VR

Cycling the world with VR

One of the things that’s easiest to appreciate about a cycling habit is that it can get you out into the world. Most of the time that means biking the roads and trails in close proximity to your home, but avid cyclists sometimes take it several steps further, and ultimately use the hobby to see some of the most beautiful and adventurous places on Earth. There aren’t very many places you can’t see without cycling. But from the winding roads of Britain’s Cotswolds region, to the coast of Zanzibar, to the China-Pakistan Karakoram Highway, there are places all over the world that are best seen on the back of a bike. That sort of thinking can get you daydreaming quite quickly, even if you don’t habitually ride a bike. Indeed, it’s a nice thought, to pedal along beautiful roads in far-flung places without a care in the world. Realistically though, is this something you’re likely to do in the near future if you’re not already in the habit? Is the Karakoram Highway, for example. really accessible to you? 
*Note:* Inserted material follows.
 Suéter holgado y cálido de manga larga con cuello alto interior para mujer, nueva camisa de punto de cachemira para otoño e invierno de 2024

Those questions aren’t meant to dissuade you from planning trips like these. If you’re interested and have the ability to do it, even one cycling excursion like these can be almost life-changing in how thoroughly it awes you. The idea I’m getting at here though is whether or not you get the chance to actually take adventurous cycling trips in the future, you might just appreciate a more convenient way of making it happen, or at least of simulating the experience. Virtual reality is beginning to turn this exact idea into a reality.
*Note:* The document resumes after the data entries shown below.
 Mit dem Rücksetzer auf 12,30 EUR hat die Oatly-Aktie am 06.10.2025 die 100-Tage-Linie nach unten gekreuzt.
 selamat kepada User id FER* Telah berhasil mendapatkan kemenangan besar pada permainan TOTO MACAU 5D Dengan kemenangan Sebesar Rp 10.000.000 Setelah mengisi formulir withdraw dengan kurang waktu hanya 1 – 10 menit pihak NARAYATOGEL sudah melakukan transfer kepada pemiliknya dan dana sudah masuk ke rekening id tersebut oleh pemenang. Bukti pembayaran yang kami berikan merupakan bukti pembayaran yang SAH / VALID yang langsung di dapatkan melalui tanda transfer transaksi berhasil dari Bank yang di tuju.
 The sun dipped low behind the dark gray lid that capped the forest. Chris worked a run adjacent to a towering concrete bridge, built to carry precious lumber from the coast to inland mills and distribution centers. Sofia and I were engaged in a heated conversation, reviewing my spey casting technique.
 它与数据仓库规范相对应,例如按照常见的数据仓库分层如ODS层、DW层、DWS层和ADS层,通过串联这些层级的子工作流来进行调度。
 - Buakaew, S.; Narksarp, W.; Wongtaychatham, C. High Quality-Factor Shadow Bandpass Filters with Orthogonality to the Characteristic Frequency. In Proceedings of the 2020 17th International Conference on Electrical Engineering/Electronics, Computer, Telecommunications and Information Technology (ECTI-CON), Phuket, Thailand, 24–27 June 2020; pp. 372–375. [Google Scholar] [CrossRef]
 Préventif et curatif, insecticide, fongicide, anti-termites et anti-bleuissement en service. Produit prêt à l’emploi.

It’s not an application that’s particularly visible in the VR market just yet, but we can take a hint, so to speak, from VR’s growing capacity to step aside from fantasy and instead help us to visualise real places and situations. In a gaming-adjacent capacity, it’s helping to do this in casino entertainment, where it’s been written fairly recently that VR is adding a new dimension to the whole concept. In part this is through virtual reality bringing artificial gaming environments, such as digital slot animations, to life, which is more in the fantasy vein. However, VR is also showing the potential to put online casino players in ‘real’ casinos via simulated reality. 

Where would you go?

Moving even further from gaming, the travel industry is also beginning to combine VR with real places, to rather amazing (yet honestly quite simple) effect. Purposes for this application vary greatly, from pure interest and education to travel booking, but the idea is for participating users to transport themselves to places all around the globe without ever leaving home.  You could tour the Louvre if you’ve always wanted to go, or you could explore the streets around a hotel in Sydney you’re considering staying at. In theory, the sky’s the limit! 
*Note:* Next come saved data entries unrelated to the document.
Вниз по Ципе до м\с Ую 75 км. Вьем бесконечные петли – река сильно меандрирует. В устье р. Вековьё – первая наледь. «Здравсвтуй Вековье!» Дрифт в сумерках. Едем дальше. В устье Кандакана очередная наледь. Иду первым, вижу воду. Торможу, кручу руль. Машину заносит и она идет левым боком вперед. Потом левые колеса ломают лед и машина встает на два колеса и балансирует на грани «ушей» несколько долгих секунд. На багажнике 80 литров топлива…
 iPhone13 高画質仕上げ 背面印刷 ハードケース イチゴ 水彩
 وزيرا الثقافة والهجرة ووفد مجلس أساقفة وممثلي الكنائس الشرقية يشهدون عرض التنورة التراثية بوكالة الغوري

The potential at hand is for cycling to more or less combine these concepts, linking a game-like application (in this case, cycling at home with a virtual component) to the travel concept; pedalling along on your own bike at home, you can get the sensation of moving along some of the famous routes and roads referred to above. Early drafts, of this kind of application have already been made using Google StreetView, but it’s clear that it won’t be long before a more sophisticated take on the idea takes root. 

None of this is meant to provide a reason not to travel and see the world’s best cycling routes. The real world, for me, will always beat the virtual one. If you had the chance to see the world on your bike without leaving your house though, wouldn’t you enjoy it?